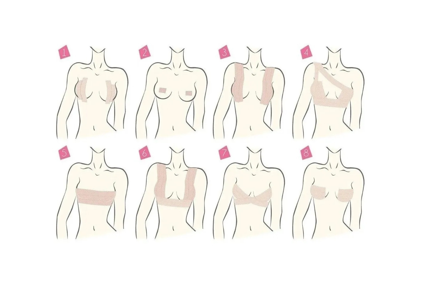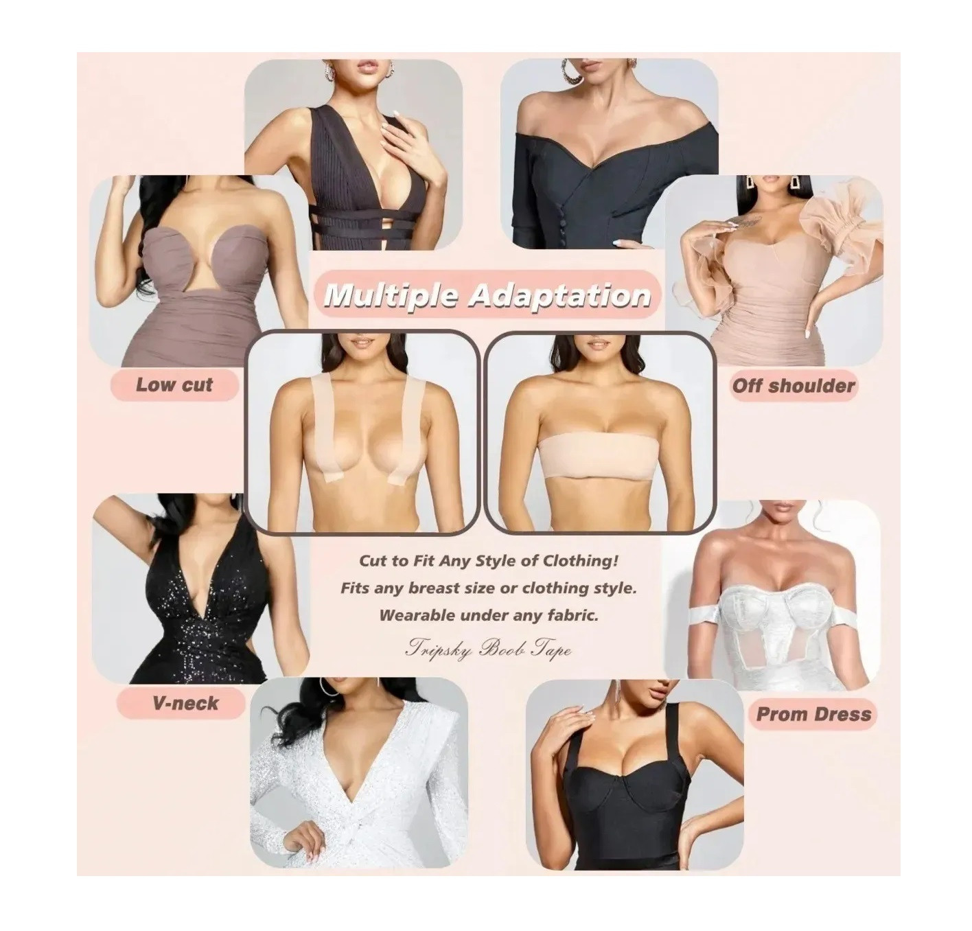 *Contra el agua, perfecto para llevar debajo del traje de baño. @*Tejido de algodón elástico. @*Talla única. @@Modo de empleo: @@1. Corta la cinta al tamaño deseado y aplica sobre la piel limpia y seca, sin aceites ni cremas. @2. Es ideal para blusas o vestidos de corte bajo, eventos especiales. @3. Hay varias formas de colocar a gusto y dependiendo de la prenda y la ocasión, se incluye una imagen de referencia.
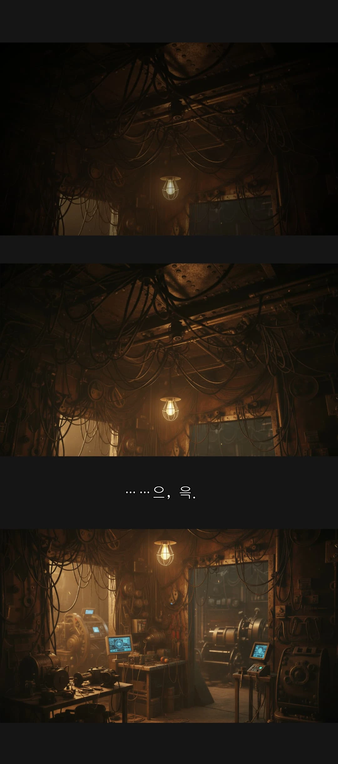시야를 가득 채웠던 어둠이 걷히며 지지직거리는 회색빛 세상이 드러났다. 녹슨 철골과 뱀처럼 뒤엉킨 시커먼 전선들, 그리고 천장에서 떨어지는 정체불명의 기름방울. 그 기괴한 풍경 위로, 시야 오른쪽 하단에 선명한 푸른색 숫자가 떠올랐다.
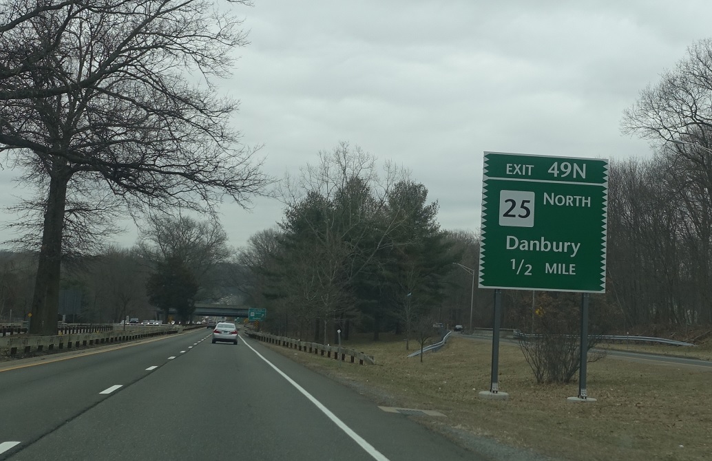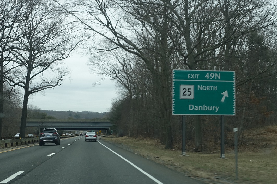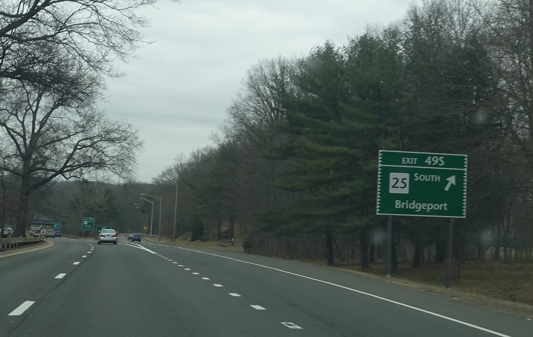 Exit for CT 25 north to Danbury. Up ahead, traffic from CT 127 will merge on. There is no access to 127 from CT 15 north – all other movements in this interchange except CT 25 south have access to 127.
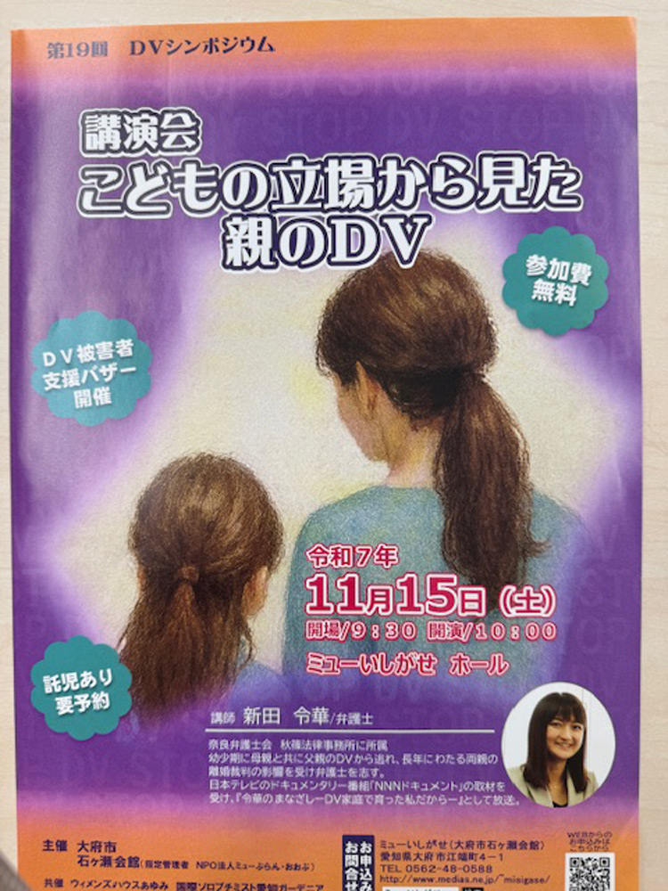 令和7年11月12日~11月25日「女性に対する暴力をなくす運動」内閣府男女共同推進連携より通達。大府市石ケ会館に於いて、11月15日DVシンポジュウムが開催され、当クラブは協賛・参加いたしました。今年は「子供の立場から見た親のDV」講師は新田麗華弁護士。新田さんの体験談より、DVを受けた母親はPTSD・鬱症状になり、5歳の時母親と共に父親のDVから逃れ祖父母の家に身を寄せた。その後母と2人の生活で母と喧嘩、登校拒否、家出など、しかし長年にわたる両親の離婚裁判の影響を受け弁護士を志した。DVは、子供の成長にとって大切な安全・安心を根底から壊してしまいます。そして子供の心や体に様々な影響を与えると言われています。11歳から13歳はダメージが大きいと言われています。(新田令華弁護士講演より)

Work task: Pictures aside, print every line of the material exactly.

Result of the exercise:
 *Contra el agua, perfecto para llevar debajo del traje de baño. @*Tejido de algodón elástico. @*Talla única. @@Modo de empleo: @@1. Corta la cinta al tamaño deseado y aplica sobre la piel limpia y seca, sin aceites ni cremas. @2. Es ideal para blusas o vestidos de corte bajo, eventos especiales. @3. Hay varias formas de colocar a gusto y dependiendo de la prenda y la ocasión, se incluye una imagen de referencia.
시야를 가득 채웠던 어둠이 걷히며 지지직거리는 회색빛 세상이 드러났다. 녹슨 철골과 뱀처럼 뒤엉킨 시커먼 전선들, 그리고 천장에서 떨어지는 정체불명의 기름방울. 그 기괴한 풍경 위로, 시야 오른쪽 하단에 선명한 푸른색 숫자가 떠올랐다.
 Exit for CT 25 north to Danbury. Up ahead, traffic from CT 127 will merge on. There is no access to 127 from CT 15 north – all other movements in this interchange except CT 25 south have access to 127.
 令和7年11月12日~11月25日「女性に対する暴力をなくす運動」内閣府男女共同推進連携より通達。大府市石ケ会館に於いて、11月15日DVシンポジュウムが開催され、当クラブは協賛・参加いたしました。今年は「子供の立場から見た親のDV」講師は新田麗華弁護士。新田さんの体験談より、DVを受けた母親はPTSD・鬱症状になり、5歳の時母親と共に父親のDVから逃れ祖父母の家に身を寄せた。その後母と2人の生活で母と喧嘩、登校拒否、家出など、しかし長年にわたる両親の離婚裁判の影響を受け弁護士を志した。DVは、子供の成長にとって大切な安全・安心を根底から壊してしまいます。そして子供の心や体に様々な影響を与えると言われています。11歳から13歳はダメージが大きいと言われています。(新田令華弁護士講演より)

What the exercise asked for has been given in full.